Bright primrose yellow synthetic monoclinic bismuth vanadate for pigments that exhibit an increase in reflectance of at least about 65 units on a scale of 100 units of reflectance. 2. The bismuth vanadate of claim 1, wherein the increase in powder reflectance is at least about 70 units. 3. Bismuth vanadate according to claim 1, wherein the light resistance in paint exhibits a decrease in reflectance of less than about 11% after 44-hour phaseometer exposure. 4. Bismuth vanadate according to claim 1, wherein the lightfastness in paint exhibits a decrease in reflectance of less than about 7% upon exposure to a 44-hour fadeometer. 5. The bismuth vanadate according to claim 1, wherein the intensity in paint exhibits a green filter reflectance of at least about 60%. 6. The bismuth vanadate of claim 1, wherein the intensity in the paint exhibits a green filter reflectance of at least about 64%. 7. Bismuth vanadate according to claim 1, wherein the lightfastness in a paint exhibits a decrease in reflectance of less than about 7% after 44-hour exposure to a fadeometer, and the intensity in the paint shows at least about
Bismuth vanadate with 60% green filter reflectance. 8. Bismuth vanadate according to claim 2, wherein the lightfastness in paint shows a decrease in reflectance of less than about 7% after 44 hour exposure with a fadeometer, and the intensity in paint shows at least about
Bismuth vanadate with 64% green filter reflectance. 9. A method for producing bright primrose yellow synthetic monoclinic bismuth vanadate for pigment use, which comprises the following steps A to E. A nitric acid solution of Bi(NO ₃ ) _{3.5H 2} O and a solution of an alkali vanadate salt dissolved in an aqueous base selected from sodium hydroxide and potassium hydroxide,
Mix; precipitate the suspended bismuth vanadate gel in a solution containing dissolved alkali nitrate ^;
The molar ratio of VO ₄ ^3- is 0.95:100 to 1.10:1.00, and the normality of the acid solution and base solution is adjusted before mixing so that the pH of the mixture is 1.0 to 8.0. B. Adjust the pH of the suspension to 1.9 to 3.6. C. Remove the gel from the suspension.

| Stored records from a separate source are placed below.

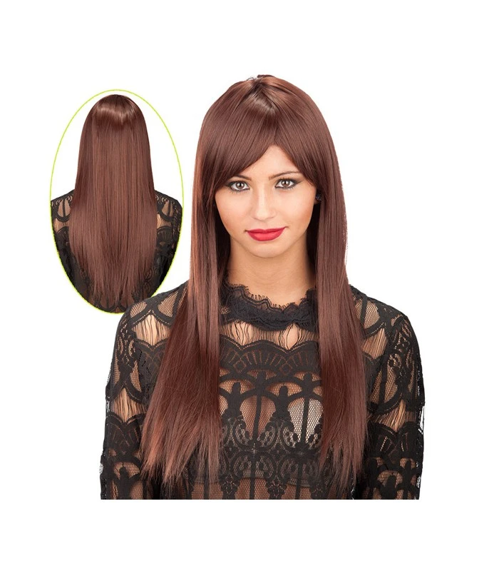 parrucca castana liscia lunga con frangia con messa in piega personalizzabile e calotta regolabile … adatta per i travestimenti e per le feste di carnevale ..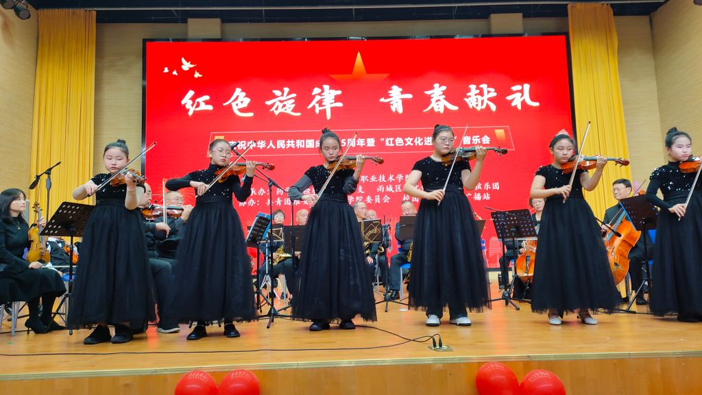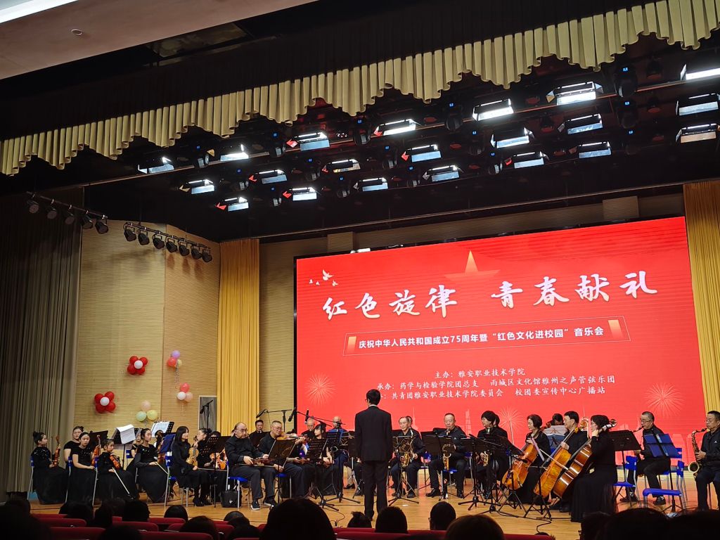 为庆祝中华人民共和国成立75周年,营造良好的校园文化环境,落实立德树人根本任务,提高广大师生艺术修养和文化素质,推动中华优秀传统文化进校园,10月26日,由公司和雅州之声管弦乐团共同举办的“红色旋律,青春献礼”庆祝新中国成立75周年音乐会在公司经开校区聚雅厅隆重举行。公司师生共计400余人共同欣赏了这场音乐盛宴。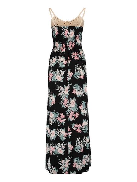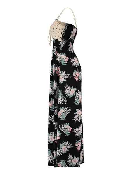 Trägerkleid mit Crochet-Oberteil, elastischem Tailenbund und Blumenprint.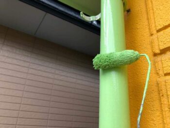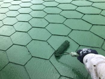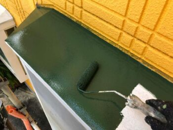 上塗り1回目 施工前よりも濃い緑色で塗装されていきます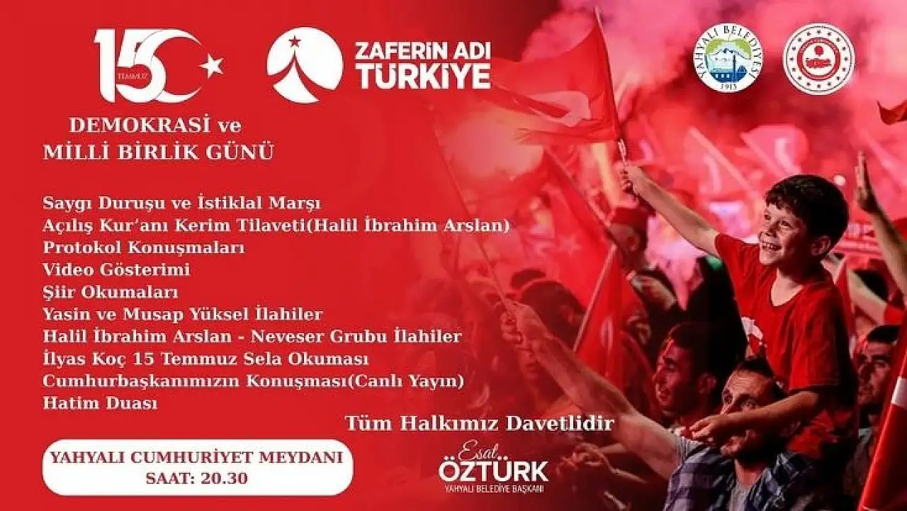 Yahyalı Belediyesi tarafından organize edilen etkinlik, 15 Temmuz akşamı saat 20.30’da Cumhuriyet Meydanı’nda gerçekleştirilecek.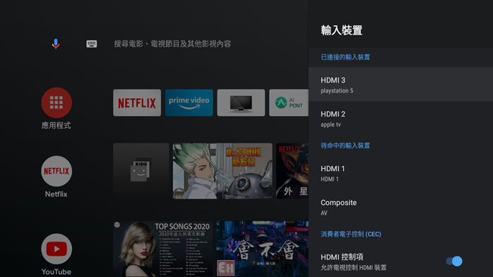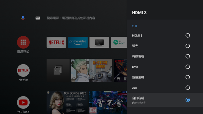 像阿輝就把幾乎會常駐的 apple tv 和 PS5 都做了獨立命名,可以選用的輸入來源頻道便一目瞭然,打電動的時間珍貴需好好把握,當然是每一分一秒都不能浪費在搜尋輸入來源的時間上!

D. Wash the gel with water until the alkali nitrate content of the gel is 20% by weight or less based on the theoretical yield of bismuth vanadate. E. Bake this gel at a temperature of 200 to 500°C for 0.4 to 3 hours. 10 A method for producing bismuth vanadate according to claim 9, wherein the moles of Bi ³⁺ and VO ₄ ^3- are
The manufacturing method is 0.98:1.00 to 1.02:1.00. 11. A method for producing bismuth vanadate according to claim 9, which adjusts the pH of the B stage to 3.3 to 3.5. 12. A method for producing bismuth vanadate according to claim 9, wherein the gel is washed with water until the gel contains 5 to 7% by weight of alkali nitrate. 13. A method for producing bismuth vanadate according to claim 9, wherein the gel is calcined at 380 to 460°C for about 1 hour. 14. A method for producing bismuth vanadate according to claim 9, wherein the molar ratio of Bi ³⁺ and VO ₄ ^3- is from 0.98:1.00 to 1.02:1.00;
Adjust the pH to 1.5 to 2.0, and adjust the pH to stage B.
3.3 to 3.5, washing the gel with water until the content of alaryl nitrate in the gel is 5 to 7%, and calcining the gel at a temperature of 380 to 460°C for 1 hour. 15. A method for producing bismuth vanadate according to claim 14, which comprises dissolving Na ₃ VO ₄ in an aqueous sodium hydroxide solution.